=== THE DATA ===
◇ ◇ ◇ ◇ ◇ ◇ ◇
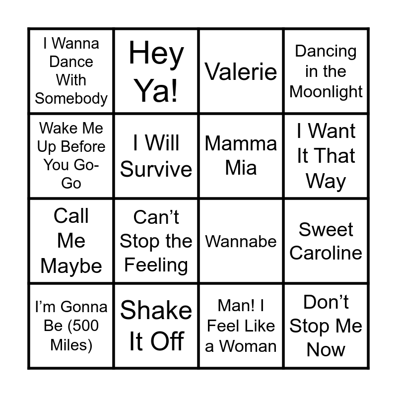 This bingo card has 31 words: Free!, Dancing Queen, Sweet Caroline, Don’t Stop Believin’, I Wanna Dance With Somebody, Valerie, Mamma Mia, Mr. Brightside, Shake It Off, Livin’ On a Prayer, Man! I Feel Like a Woman, I’m Gonna Be (500 Miles), Teenage Dirtbag, Uptown Funk, Can’t Stop the Feeling, Happy, Shotgun, Proud Mary, Don’t Stop Me Now, Walking on Sunshine, Wake Me Up Before You Go-Go, Footloose, Love Shack, Hey Ya!, Call Me Maybe, I Will Survive, Dancing in the Moonlight, Wannabe, Everybody (Backstreet’s Back), I Want It That Way and Firework.
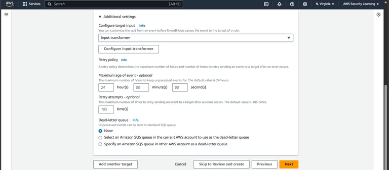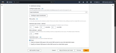 Step 9: Next, click on "Additional settings" and select "Input transformer" under "Configure target input". Then, click on "Configure input transformer". This will allow you to customize the content of the notifications sent by the SNS topic.
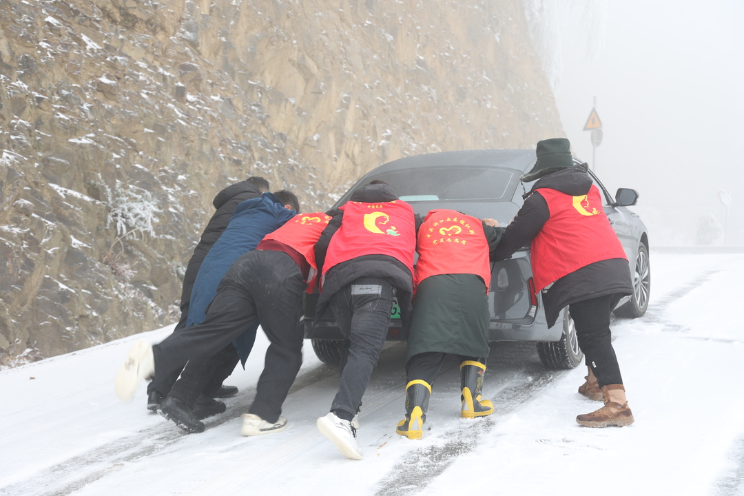 (洞口县大屋瑶族乡党员群众在通乡公路上铲雪除冰)
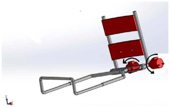 As shown in Figure 3, the rehabilitation robot is made up of multiple essential mechanical parts. To ensure the general functionality of the robot, the upper limb support fits tightly onto the human arm, acting as an exoskeleton part. It is important that it be attached securely, either onto a solid support or directly onto the triceps using metal plates on one side and scratches on the other. The stainless-steel plates are shaped like an arc to fit the contours of the triceps. The wrist handle adds flexibility to the system by slidably connecting to the spindle and adjusting to the size of the patient’s arm. It also gives the patient’s hand a grip and makes pronation-supination movements easier. The second degree of freedom is the crucial pronation-supination joint movement, which is made possible by the connecting spindle, which is attached directly to the motor shaft. It also serves as a connecting element between the wrist handle and the intermediate metal plate. The intermediate metal plate allows rotational motions (flexion/extension) between the two portions by binding the upper limb support and forearm support. We offer multiple modes of use for convenience:
◇ ◇ ◇ ◇ ◇ ◇ ◇
=== HOW TO COMPLETE THIS TASK ===
Only the lines from the start of the material through the line containing "(洞口县大屋瑶族乡党员群众在通乡公路上铲雪除冰)" should be transcribed. Pictures stay out.

=== YOUR SOLUTION ===
 This bingo card has 31 words: Free!, Dancing Queen, Sweet Caroline, Don’t Stop Believin’, I Wanna Dance With Somebody, Valerie, Mamma Mia, Mr. Brightside, Shake It Off, Livin’ On a Prayer, Man! I Feel Like a Woman, I’m Gonna Be (500 Miles), Teenage Dirtbag, Uptown Funk, Can’t Stop the Feeling, Happy, Shotgun, Proud Mary, Don’t Stop Me Now, Walking on Sunshine, Wake Me Up Before You Go-Go, Footloose, Love Shack, Hey Ya!, Call Me Maybe, I Will Survive, Dancing in the Moonlight, Wannabe, Everybody (Backstreet’s Back), I Want It That Way and Firework.
 Step 9: Next, click on "Additional settings" and select "Input transformer" under "Configure target input". Then, click on "Configure input transformer". This will allow you to customize the content of the notifications sent by the SNS topic.
 (洞口县大屋瑶族乡党员群众在通乡公路上铲雪除冰)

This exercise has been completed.